From: David Hildenbrand <david@redhat.com>
To: qemu-devel@nongnu.org
Date: Mon, 25 Feb 2019 12:55:52 +0100
Message-Id: <20190225115552.7534-8-david@redhat.com>
In-Reply-To: <20190225115552.7534-1-david@redhat.com>
References: <20190225115552.7534-1-david@redhat.com>
Subject: [Qemu-devel] [PATCH v1 7/7] s390x/tcg: Implement LOAD COUNT TO
 BLOCK BOUNDARY
Precedence: list
Cc: qemu-s390x@nongnu.org, Cornelia Huck <cohuck@redhat.com>,
	David Hildenbrand <david@redhat.com>, Thomas Huth <thuth@redhat.com>,
	Richard Henderson <rth@twiddle.net>
Errors-To: 
 qemu-devel-bounces+patchwork-qemu-devel=patchwork.kernel.org@nongnu.org
Sender: "Qemu-devel"
	<qemu-devel-bounces+patchwork-qemu-devel=patchwork.kernel.org@nongnu.org>

Series

s390x/tcg: Cleanups and refactorings for Vector | expand

Commit Message

David Hildenbrand Feb. 25, 2019, 11:55 a.m. UTC

Use a new CC helper to calculate the CC lazily if needed.
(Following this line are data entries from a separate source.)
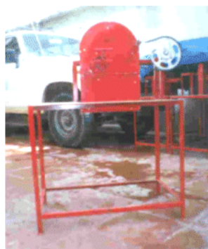
Figure 2: A simple slicing machine used in Bolivia.

The rhizomes are sliced before drying to reduce the drying time and improve the quality of the final product (it is easier to achieve a lower final moisture content in small pieces of rhizome without spoiling the appearance of the product). The rhizomes are traditionally sliced by hand, but there are small machines available to carry out this process. Figure 3 shows a simple turmeric slicing machine designed in Bolivia. It is a simple structure that contains a transmission system and two stainless steel circular blades. The machine is easy to build and maintain and can cut up to 120kg turmeric per hour.
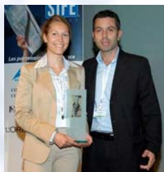
HEC Paris receives L'Oreal Creativity Award
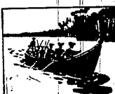
June 5, 1728: 450 Frenchmen leave Montreal; 1,200 reds join them enroute.
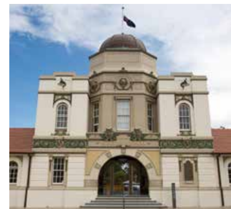
Taronga Park Zoo
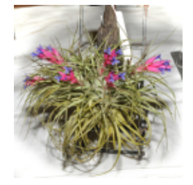
Tillandsia stricta x aeranthos
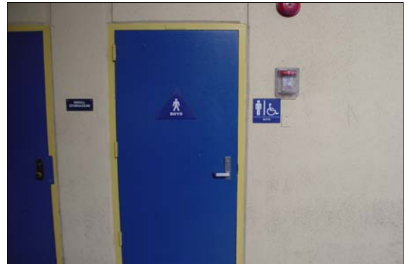
Boys Restroom next to the Small Gym

Finding: There is gender use signage on the door and signage indicating accessibility on the latch side of the entry door of the restroom. The signage is not centered 60 inches above the floor.
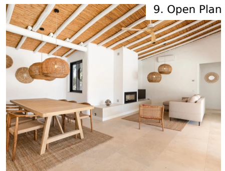
9. Open Plan
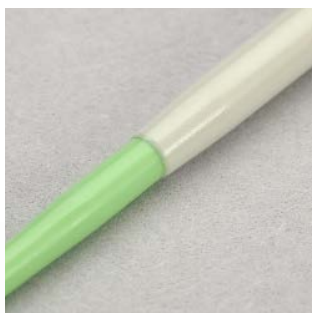
PreludeEASE™ Hydrophilic Sheath Introducers

For smooth and easy insertion leading to patient comfort.
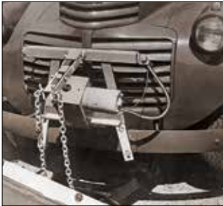
Developed the T-1 Electric Hydraulic Lift, the first ever.
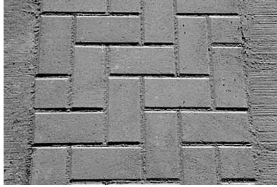
Figure 6. A close-up of the concrete paver surface at the PTI test track.
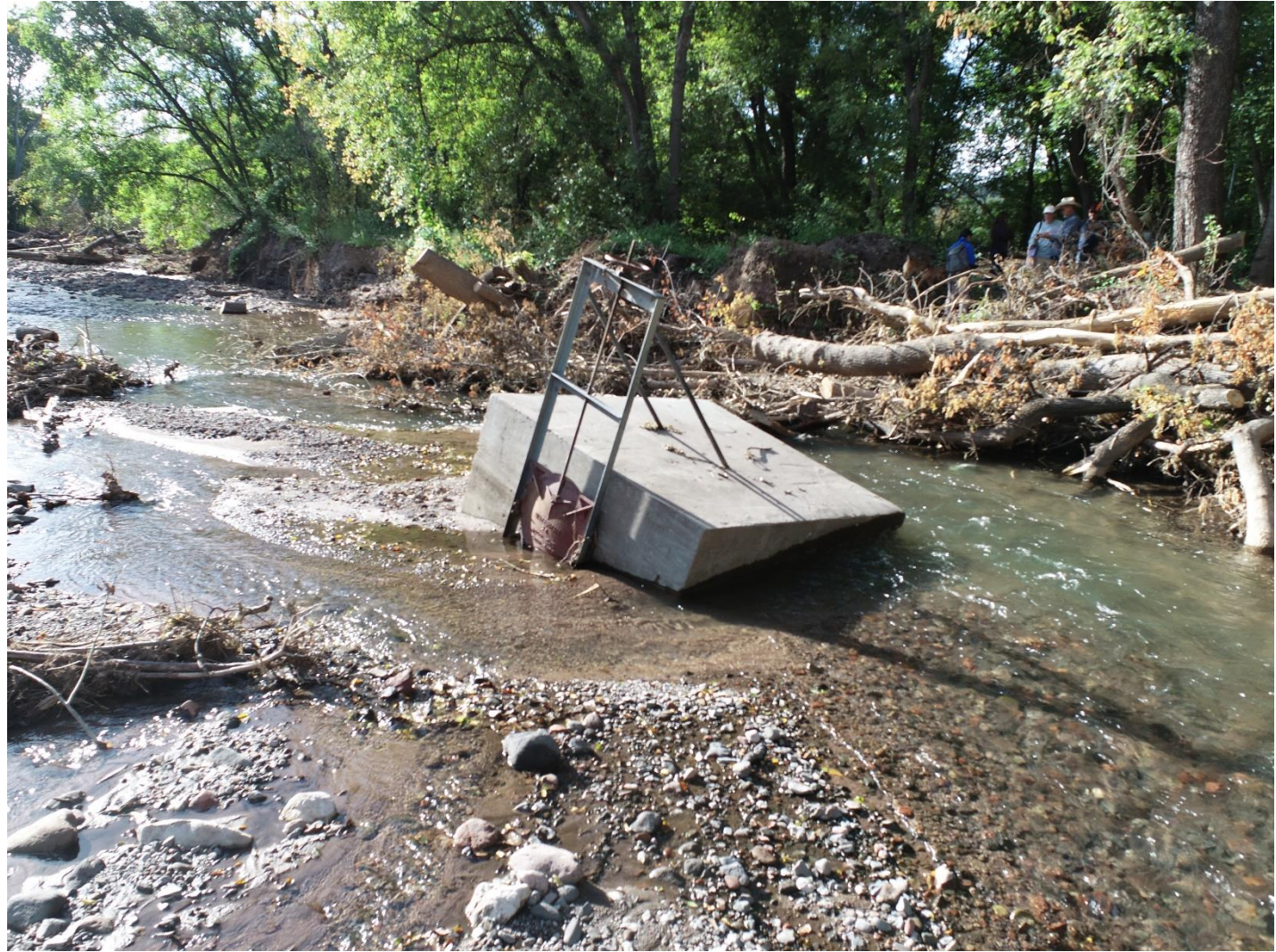
Above: Flooding from the Black Fire and impacts to the Grijalva Ditch Diversion in Grant County

Debris flows, ash, and sediment can clog acequia waterways and can deposit on farmlands.
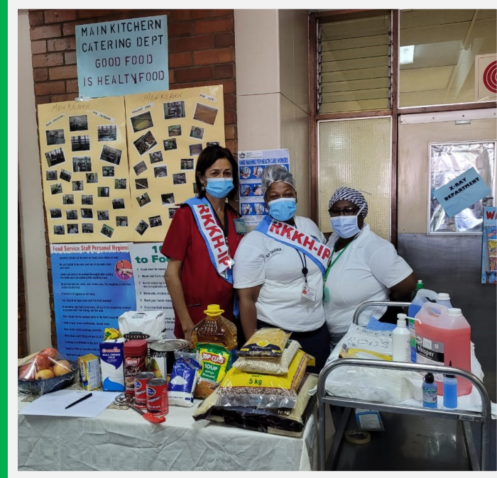
Main Kitchen displaying that food preparation and hand hygiene cannot be separated.
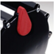
Ergonomic on/off switch
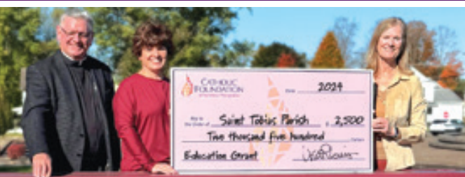
Saint Tobias Parish, Brockway
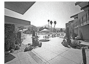
Private patios overlooked the 70-foot swimming pool.

Club of Palm Springs was the first good cause that was benefited:
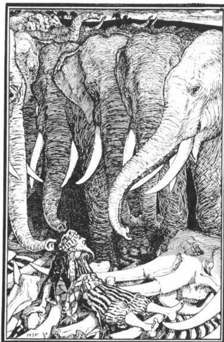
SINDAD LEFT BY THE ELEPHANTS IN THEIR BURIAL PLACE

me up gently enough, set me upon its back, where I clung more dead than alive, and followed by the whole herd turned and crashed off into the dense forest. It seemed to me a long time before I was once more set upon my feet by the elephant, and I stood as if in a dream watching the herd, which turned and trampled off in another direction, and were soon hidden in the dense underwood. Then, recovering myself, I looked about me, and found that I was standing upon the side of a great hill, strewn as far as I could see on either hand with bones and tusks of elephants. "This then must be the elephants' burying place," I said to myself, "and they must have brought me here that I might cease to persecute them, seeing that I want nothing but their tusks, and here lie more than I could carry away in a lifetime."
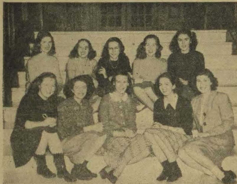
... EXECUTIVE OF DELTA GAMMA
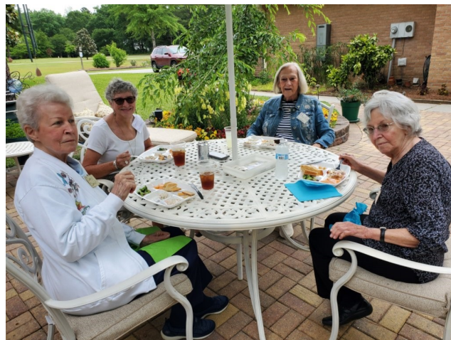
Jane Craft Circle welcomed new members at a luncheon. They are enjoying new Christian friendships.
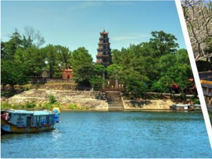
Thien Mu pagoda
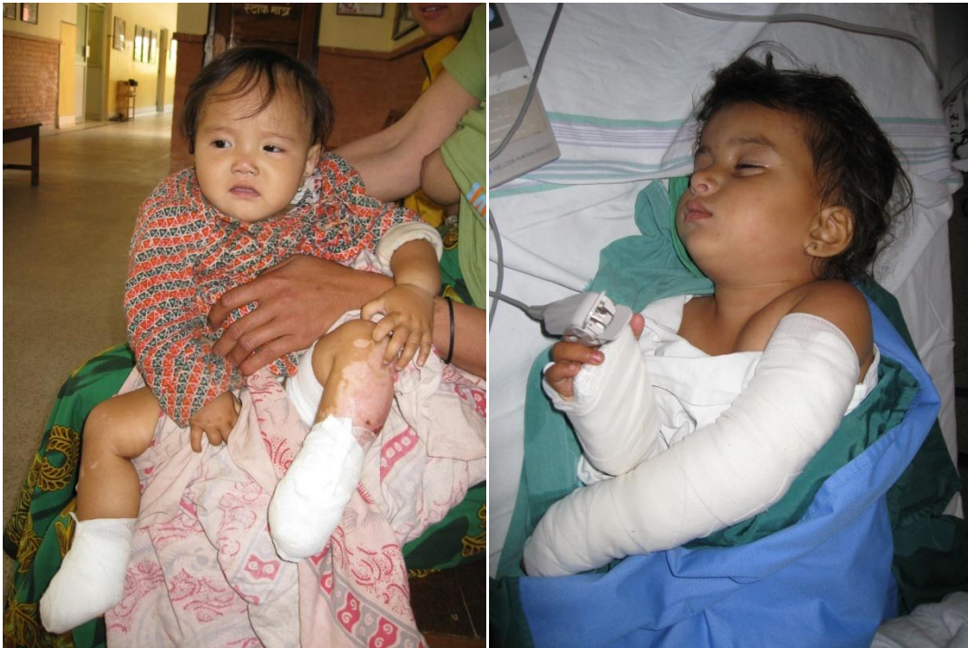
Patients with wounds on hands and feet (often infants)

In most cases, the victims of these accidents are children, who have stumbled or crawled into the fire, burning their hands and feet. Often, those injuries lead to the loss of limbs. These children also undergo massive contractions of their muscles, sinews and ligaments during the healing process, due to the lack of resources for appropriate treatment. This results in their having to face severe physical disabilities.
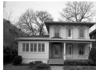
#15 JOHN T. YULE HOUSE 6128 – Seventh Avenue (1866) Italianate

Terrace Court Apartments was built as an apartment complex for middle- and upper-class Kenoshans who wanted a downtown address, but not the upkeep of a downtown single-family residence. Original tenants included doctors, dentists, attorneys, business managers, and other white-collar professionals.
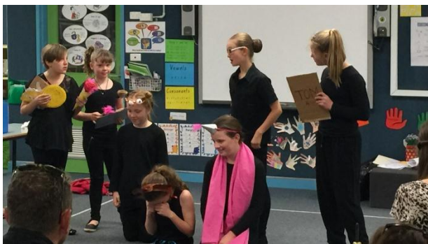
Language & Literature
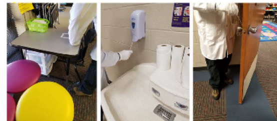
Figure 1. Surfaces in classrooms, a nurse's station, the cafeteria, hallways, and restrooms were swabbed to quantify bacteria, yeast and mold levels before and after sanitization and disinfection with the Clorox® Total 360® System. Examples of sites swabbed are shown above.

The goal of this study was to examine the impact of the Clorox® Total 360® electrostatic sprayer system on environmental cleanliness in an elementary school in the Broken Arrow Public School system. The school used the Clorox® Total 360® System daily throughout the 2019 school year (SY19). Environmental swabbing of a variety of surfaces in the school showed that the Clorox® Total 360® System reduced bacteria, yeast and mold levels to near zero, including on hard to clean surfaces like door handles.
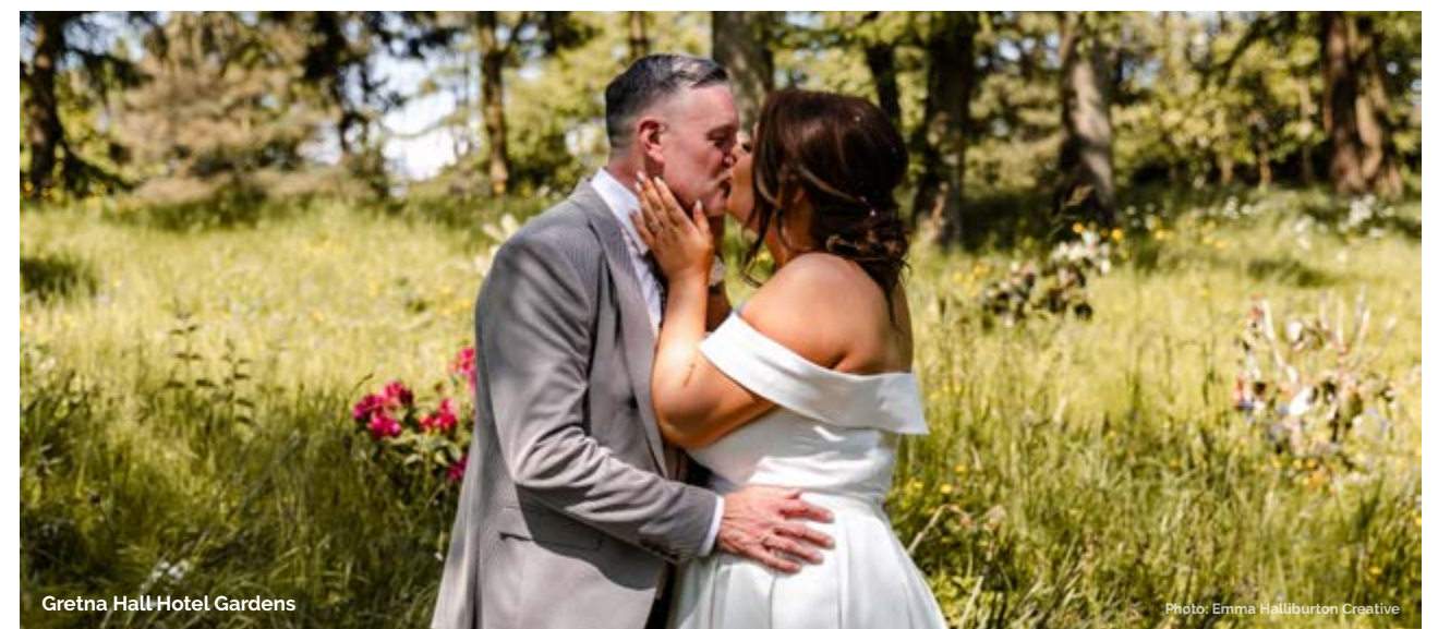
Gretna Hall Hotel Gardens

Additional Guests can be added to all packages. For more information about any of our Gretna Green packages, please call our wedding team on: 01461 336 001 or email: weddings@gretnagreen.com or visit: www.gretnagreen.com/weddings
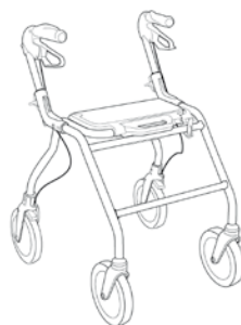
FUTURA 600 Art no. 12070-43-21
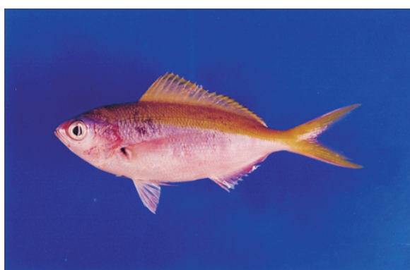
Caesio xanthonota (Bleeker, 1845)
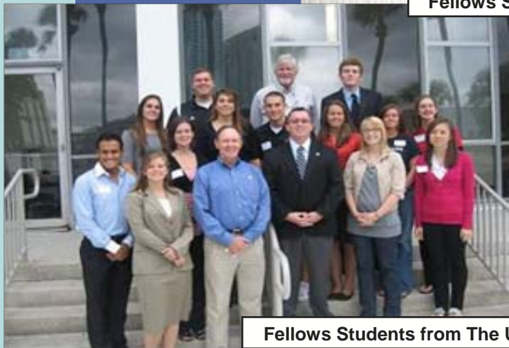
Fellows Students from The University of Tampa
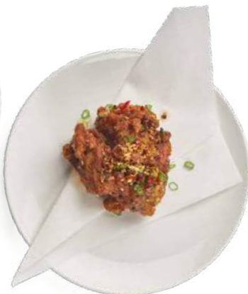
42 SALT & PEPPER QUAIL 油烹椒鹽鶉鴉 $29.00
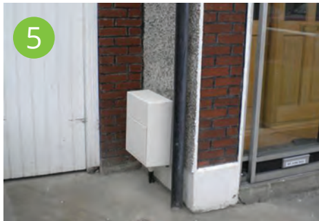
Alteration and final reinstatement complete.

You can also view our alterations video at www.gasnetworks.ie/moveyourmeter for more information.
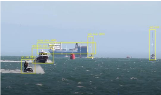
Tracking and classifying boats at sea

The Vision4ce CHARM-100NX is a standalone video processing board for embedded video and image processing applications, which is designed to host the GRIP View software. The software includes the field proven DART video tracking software. The CHARM-100NX is based on a NVIDIA Xavier embedded processor which incorporates a multicore ARM processor and powerful GPU. Video interfaces are provided for 6G, 3G, HD and SD video in digital formats.
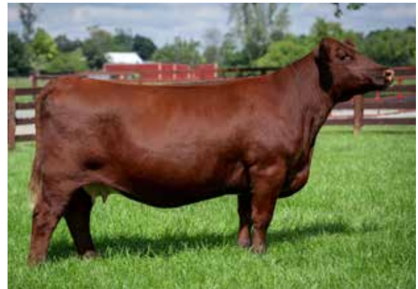
SULL Ruby is Red ET
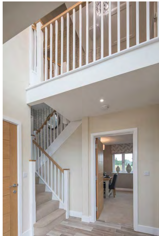
LEFT Morchard & Copplestone
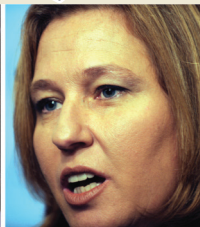
Tzipi Livni : Lead Israeli negotiator, foreign minister
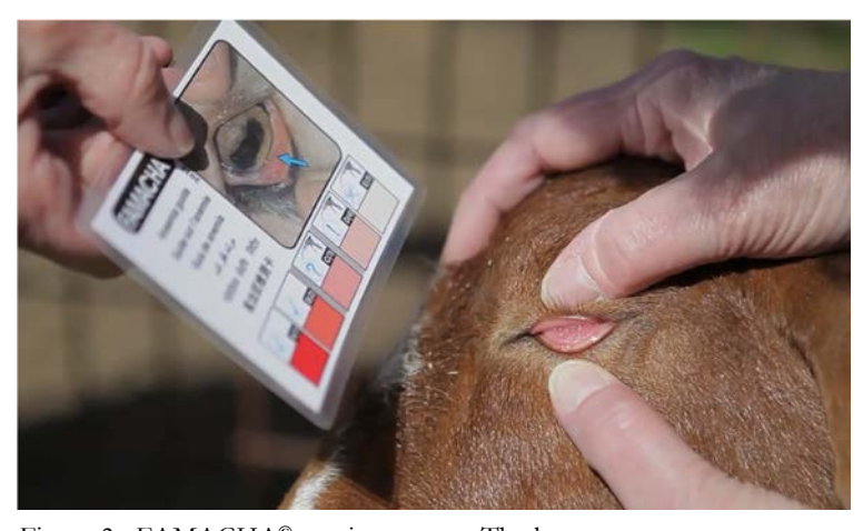
Figure 3. FAMACHA® scoring a goat. The lower eye mucous membranes are exposed and compared to the colors on the FAMACHA® card to estimate the level of anemia. Use the COVER, PUSH, PULL, POP! method described above.

• Proper FAMACHA<sup>©</sup> scoring technique includes exposing the lower eye mucous membranes and matching them to the equivalent color on the FAMACHA<sup>©</sup> card (Figure 3). COVER , PUSH , PULL , POP is a 4-step process describing the proper technique.
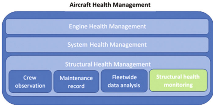
Fig. 2.1 Aircraft health management (SAE ARP6461 2013)
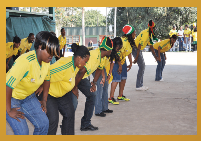
COUNT DOWN: COGTA official do the Diski dance during a competition in the Lowveld Show Ground.
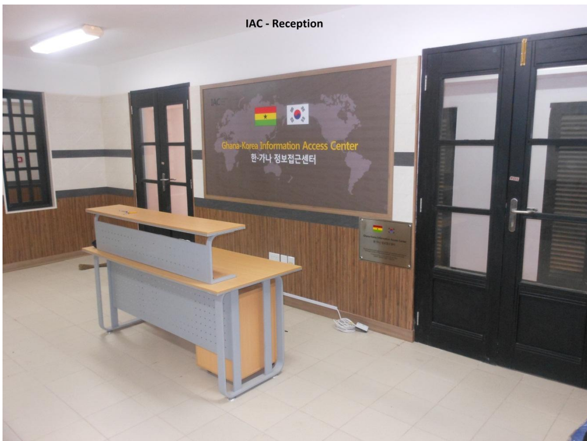
Figure 12 - IAC IT Training Lab. & Reception
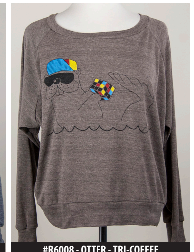
#R6008 - OTTER - TRI-COFFEE
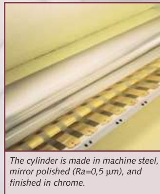
The cylinder is made in machine steel, mirror polished ( Ra=0,5 \mu m ), and finished in chrome.

The installation of an extractor fan, to pull evaporated moisture away from the cylinder, and NOMEX ironing straps, prevent straps from remaining moist while ironing, thus extending the life of all feed and compression material components.
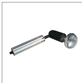
Lampa spot stut OCTANORM EUR 21.00 Cod 019.010.187.000
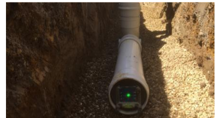
Buttaba Avenue Belmont North

For more information on our range of services get in touch with our team today.
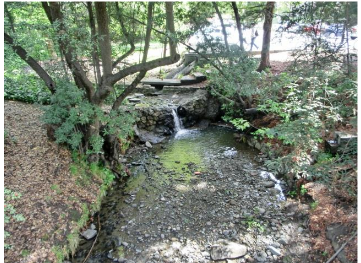
The wild is concentrated to two small creeks through the campus
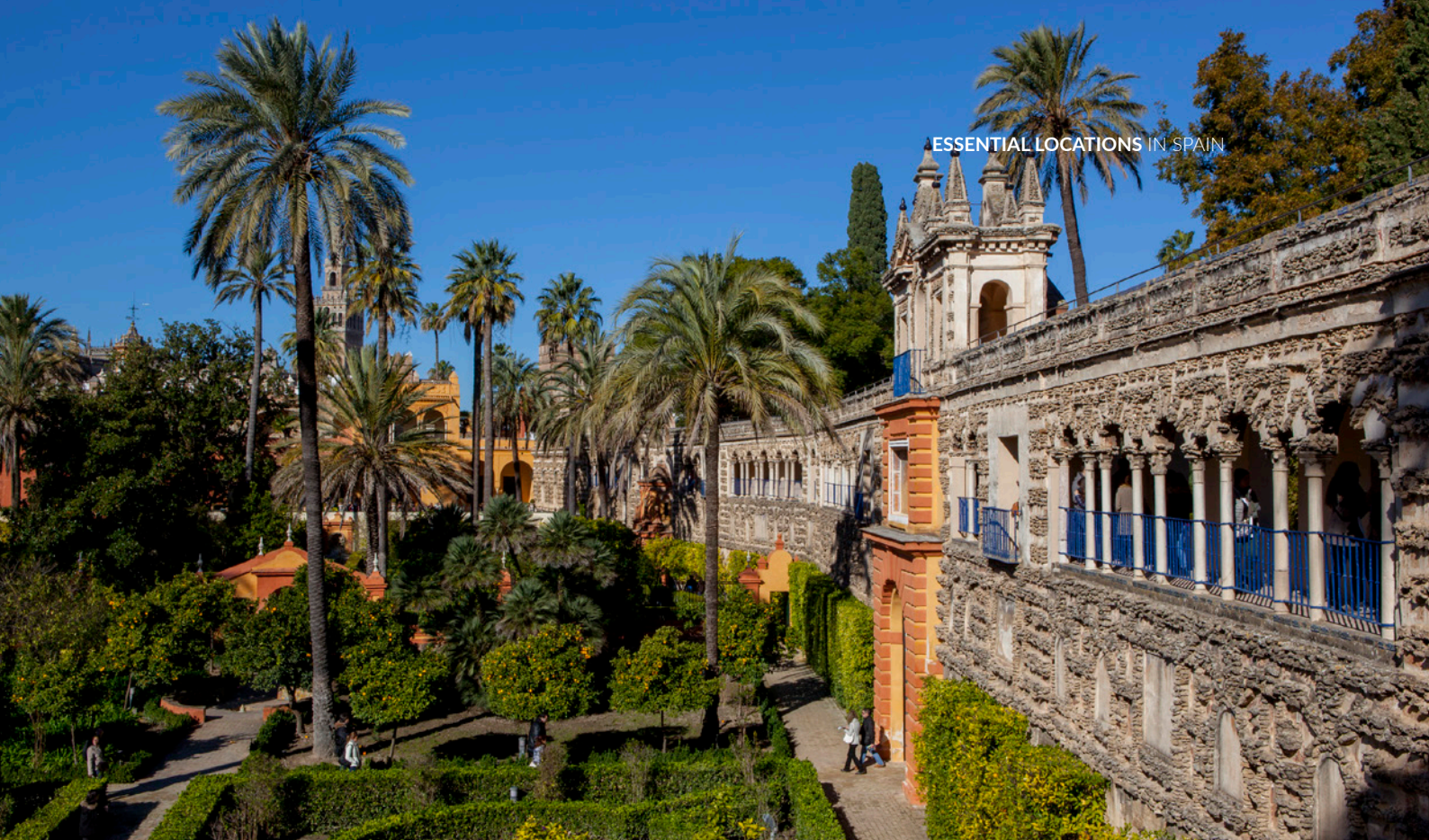
▲ THE MERCURY POOL GARDEN REAL ALCÁZAR PALACE, SEVILLE

Casa de Pilatos is another of the places that captivated Scott, who chose this palace in Italian-Mudéjar Renaissance style as the location for the residence of the Roman praetor in Jerusalem. Take a look inside and go into the very beautiful interior gardens, typical of noble palaces in the city centre, with beautiful plaster skirting and Plateresque style grilles.
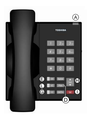
Single Line Telephone 1 Programmable Button

While the
PoP mentions that "A 32-bit unsigned binary integer" is placed into the
first operand, there is no word telling that the other 32 bits (high
part) are left untouched. Maybe the other 32-bit are unpredictable.
So store 64 bit for now.

Signed-off-by: David Hildenbrand <david@redhat.com>
---
 target/s390x/cc_helper.c   |  8 ++++++++
 target/s390x/helper.c      |  1 +
 target/s390x/helper.h      |  1 +
 target/s390x/insn-data.def |  2 ++
 target/s390x/internal.h    |  1 +
 target/s390x/mem_helper.c  | 12 ++++++++++++
 target/s390x/translate.c   | 18 ++++++++++++++++++
 7 files changed, 43 insertions(+)

Comments

Richard Henderson Feb. 25, 2019, 4:14 p.m. UTC | #1

On 2/25/19 3:55 AM, David Hildenbrand wrote:
> +uint64_t HELPER(lcbb)(uint64_t addr, uint32_t m3)
> +{
> +    const uint32_t block_size = 1ul << (m3 + 6);
> +    const uint64_t rounded_addr = ROUND_UP(addr, block_size);
> +    uint32_t to_load = 16;
> +
> +    if (rounded_addr != addr) {
> +        to_load = MIN(rounded_addr - addr, to_load);
> +    }
> +    return to_load;
> +}

I don't understand all of this "blocksize" business, when they are all powers
of two, and the maximum value returned is 16.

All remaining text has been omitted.